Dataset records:
▼

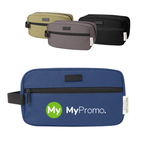 Toilettas gemaakt van GRS-gecertificeerd gerecycled canvas en GRS-gecertificeerde RPET-voering. Voorzien van een voorvak met ritssluiting en een hoofdvak met ritssluiting met organisatievakken en een comfortabele band. Het decoratieve metalen plaatje kan een logo laten opvallen door de subtiele en matte afwerking. Capaciteit: 3,5 liter. 80% GRS gecertificeerd gerecycled katoen en 20% Katoen, 330 g/m2.
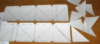 2 - With all the pieces cut out, set the 8 small triangles aside and temporarily fold all the tabs over flat forward so they are out of the way. For the small triangles, fold the tabs back. |
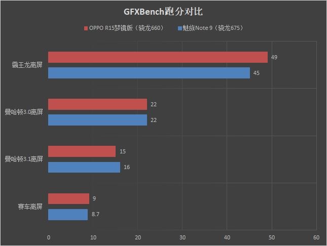 其次是GPU部分,从GFXBench的跑分来看,骁龙675的在GFXBench的4个测试项目上跑分相较于骁龙660相差并不大。
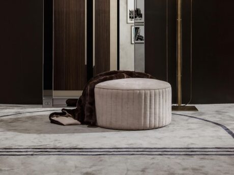 Handcrafted by skilled Italian artisans, the Godwin pouf showcases exceptional attention to detail and exceptional craftsmanship. Its round shape adds a touch of sophistication to any room, making it a standout piece that will elevate your interior style.
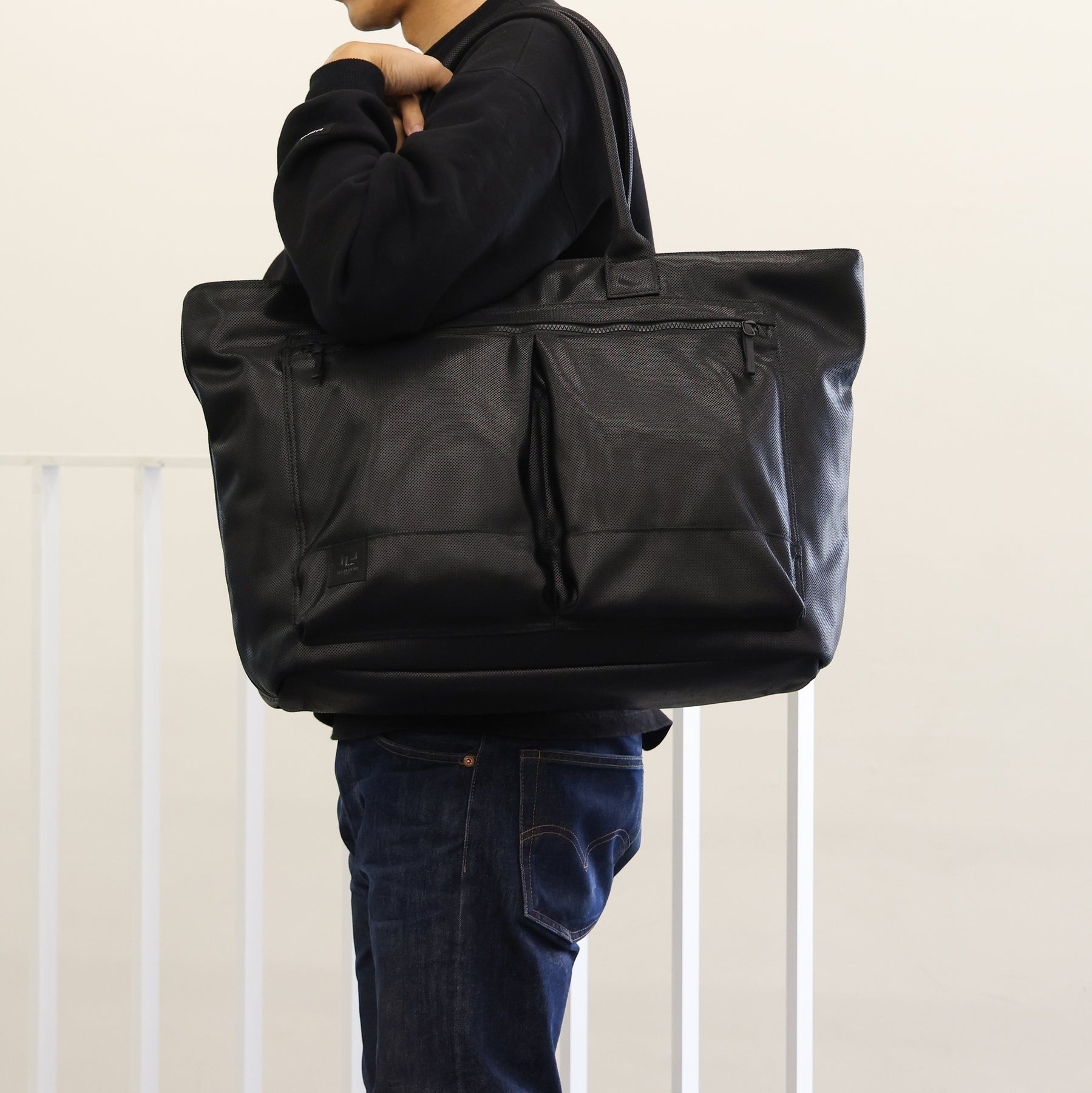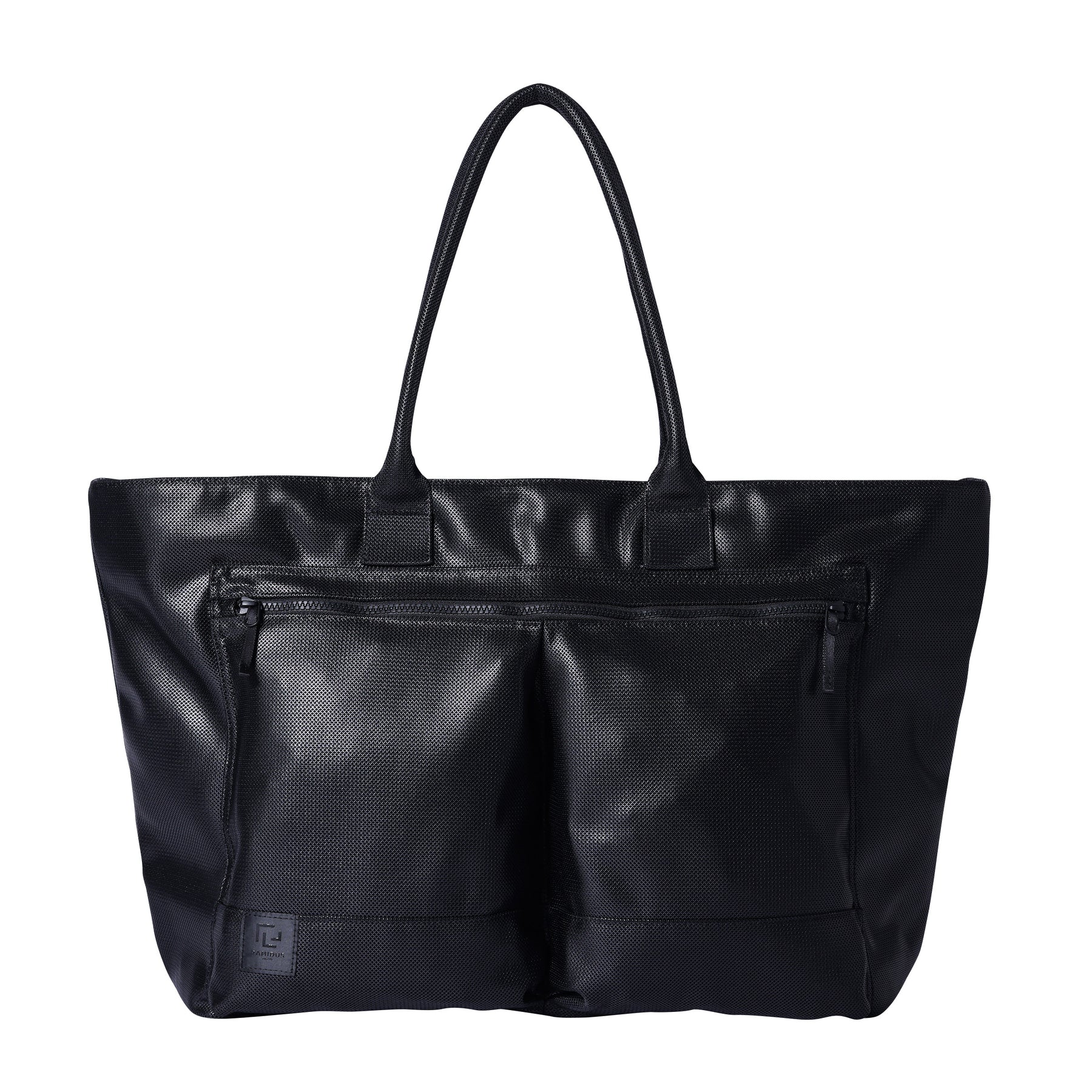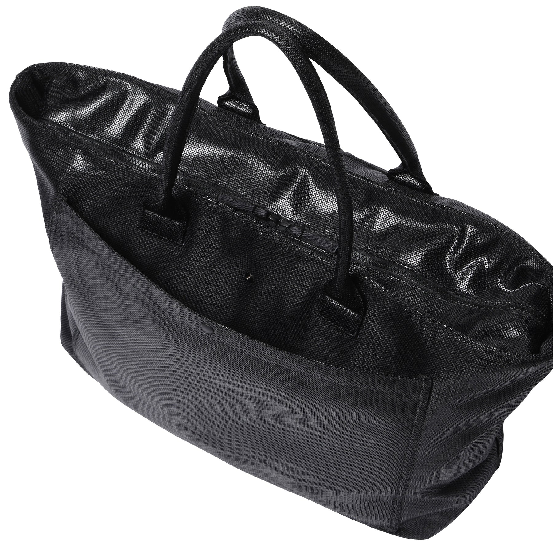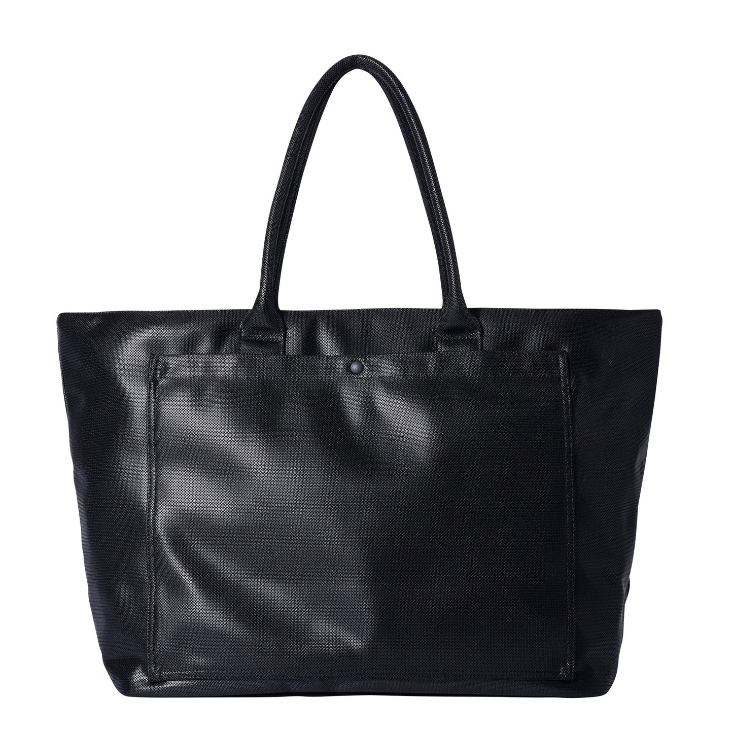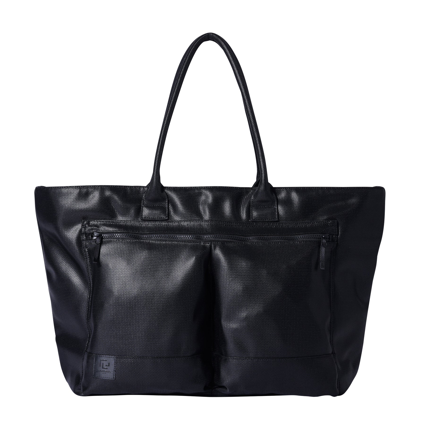 大型手提包,正面寬闊,存儲容量大。內部有一個網兜,可存放小件物品,兩側還有水壺袋,可存放塑料瓶和摺疊傘。與其他系列的同款產品相比,這款手袋的規格更加均衡,減少了手柄的體積。包包採用閃亮的👍穿孔材料製成,讓人聯想到皮革。

▲

§ What to produce
The copy should start at the line that contains "其次是GPU部分,从GFXB", end at the last line of the entries above, and match each line exactly, with pictures dropped.

§ Answer to the problem
 其次是GPU部分,从GFXBench的跑分来看,骁龙675的在GFXBench的4个测试项目上跑分相较于骁龙660相差并不大。
 Handcrafted by skilled Italian artisans, the Godwin pouf showcases exceptional attention to detail and exceptional craftsmanship. Its round shape adds a touch of sophistication to any room, making it a standout piece that will elevate your interior style.
 大型手提包,正面寬闊,存儲容量大。內部有一個網兜,可存放小件物品,兩側還有水壺袋,可存放塑料瓶和摺疊傘。與其他系列的同款產品相比,這款手袋的規格更加均衡,減少了手柄的體積。包包採用閃亮的👍穿孔材料製成,讓人聯想到皮革。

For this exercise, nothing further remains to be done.